If there is a hardware fault or a suspect component then it is sensible
to either repair the problem, or make disk space available on a
separate disk sub-system prior to proceeding with a recovery option.
You can move datafiles about using the following steps:
1. Make sure the file to be relocated is either OFFLINE or
the instance is in the MOUNT state (not open)
2. Physically restore (or copy) the datafile to its new location
eg: /newlocation/myfile.dbf
3. Tell Oracle the new location of the file.
eg: ALTER DATABASE RENAME FILE '/oldlocation/myfile.dbf'
TO '/newlocation/myfile.dbf';
(Note that you cannot RENAME a TEMPFILE - TEMPFILEs should
be dropped and recreated at the new location)
4. Online the relevant file / tablespace (if database is open)
IMPORTANT:If there are multiple errors (which are NOT due to NOLOGGING)

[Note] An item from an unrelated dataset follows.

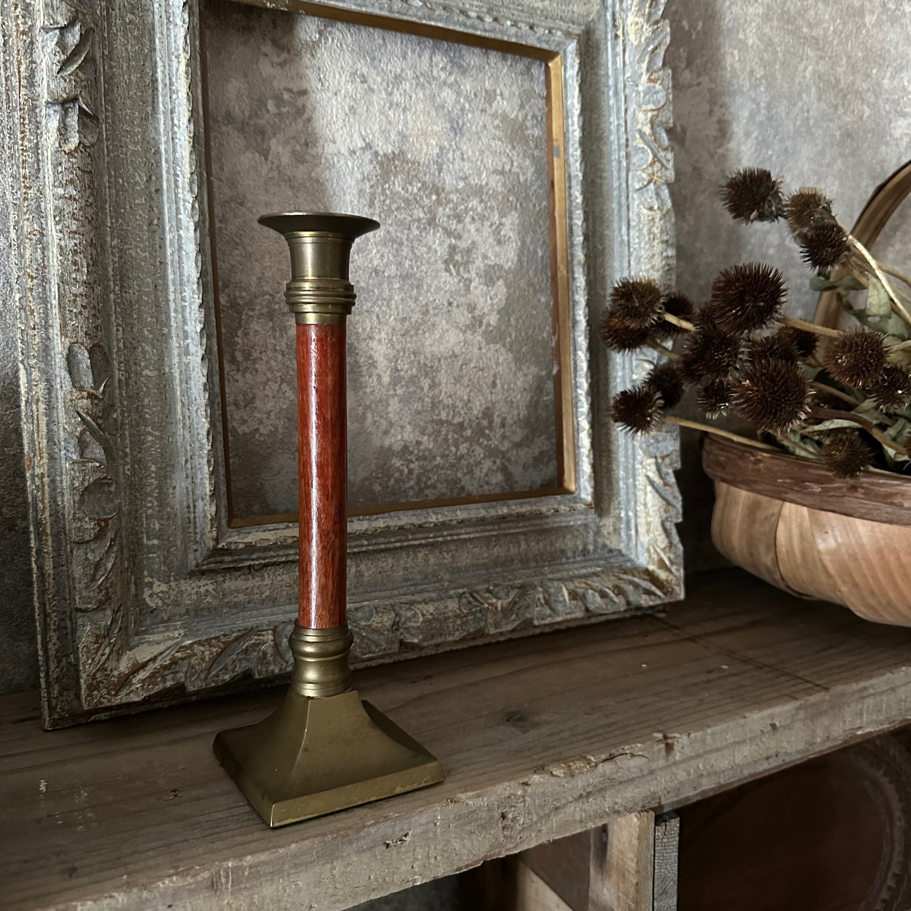 France Vintage 真鍮と木の燭台 キャンドルホルダー

OR You have OS level errors against the affected file
OR The errors are transient and keep moving about
then there is little point proceeding until the underlying problem
has been addressed or space is available on alternative disks.
Get your hardware vendor to check the system over and contact
Oracle Support with details of all errors.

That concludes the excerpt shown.